- Fenwick
- Fenwick Location within the state of West Virginia
- Coordinates: 38°13′43″N 80°34′56″W﻿ / ﻿38.22861°N 80.58222°W
- Country: United States
- State: West Virginia
- County: Nicholas

Area
- • Total: 0.153 sq mi (0.40 km^{2})
- • Land: 0.141 sq mi (0.37 km^{2})
- • Water: 0.012 sq mi (0.031 km^{2})

Population (2020)
- • Total: 69
- • Density: 490/sq mi (190/km^{2})
- Time zone: UTC-5 (Eastern (EST))
- • Summer (DST): UTC-4 (EDT)

= Fenwick, West Virginia =

Fenwick is a census-designated place (CDP) in eastern Nicholas County, West Virginia, United States, adjacent to and immediately west of Richwood.

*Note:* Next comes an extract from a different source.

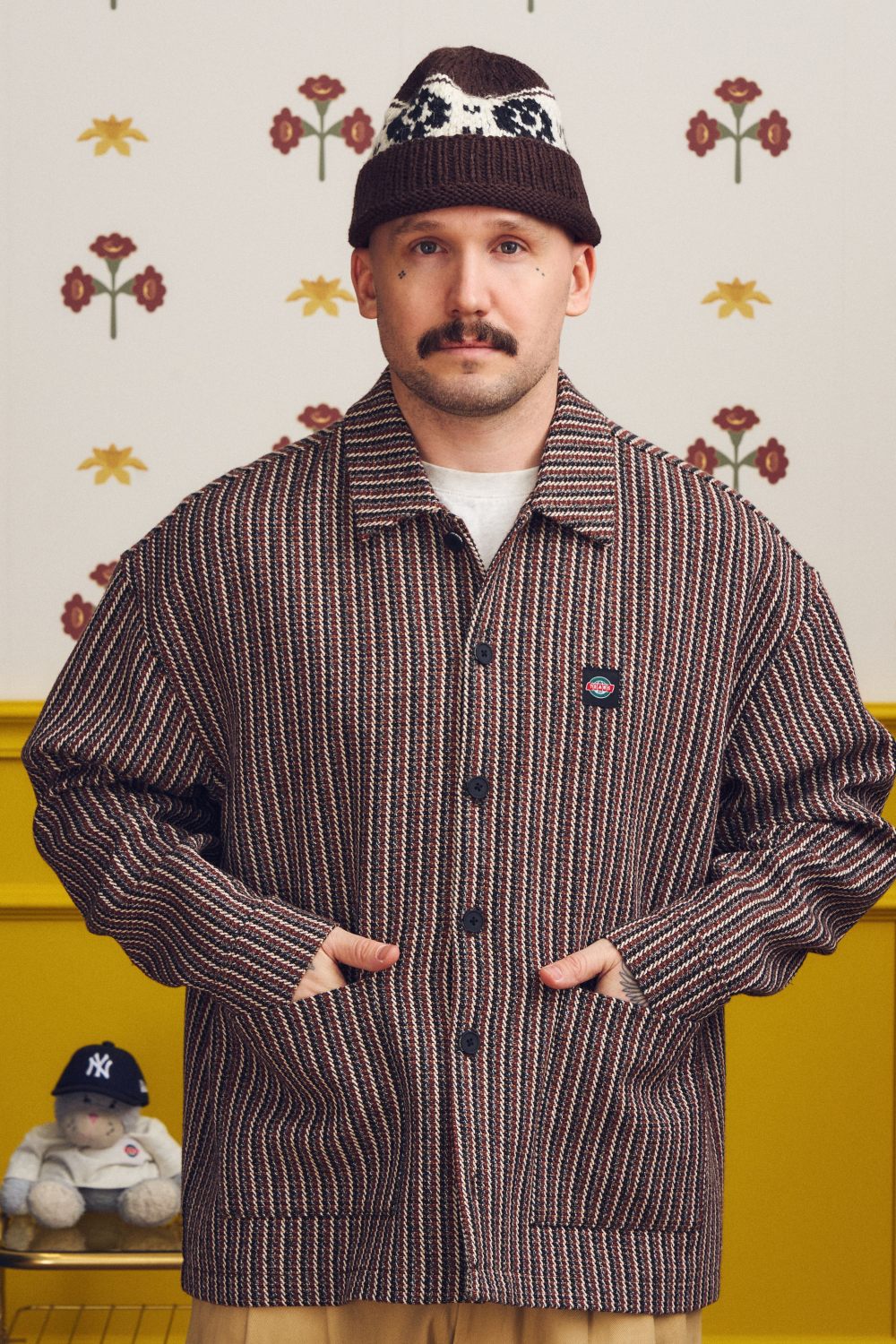 Вязаная шапка-бини из 100% натуральной шерсти коричневого цвета. Каждая шапка создается вручную, процесс занимает около 6 часов. Элементы вяжутся жаккардом, волокна которого сцепляются между собой. Это делает изделия плотными и теплыми благодаря протяжкам нитей на изнанке.

As of the 2020 census, its population was 69 (down from 116 at the 2010 census). The town is situated at the bottomland surrounding the mouth of the Big Laurel Creek at its confluence with the Cherry River and has an elevation of 649 m (2129 ft). Fenwick is also the location of the convergence of three state highways: WV 55, WV 39, and WV 20 and acts as the western terminus of the Highland Scenic Highway.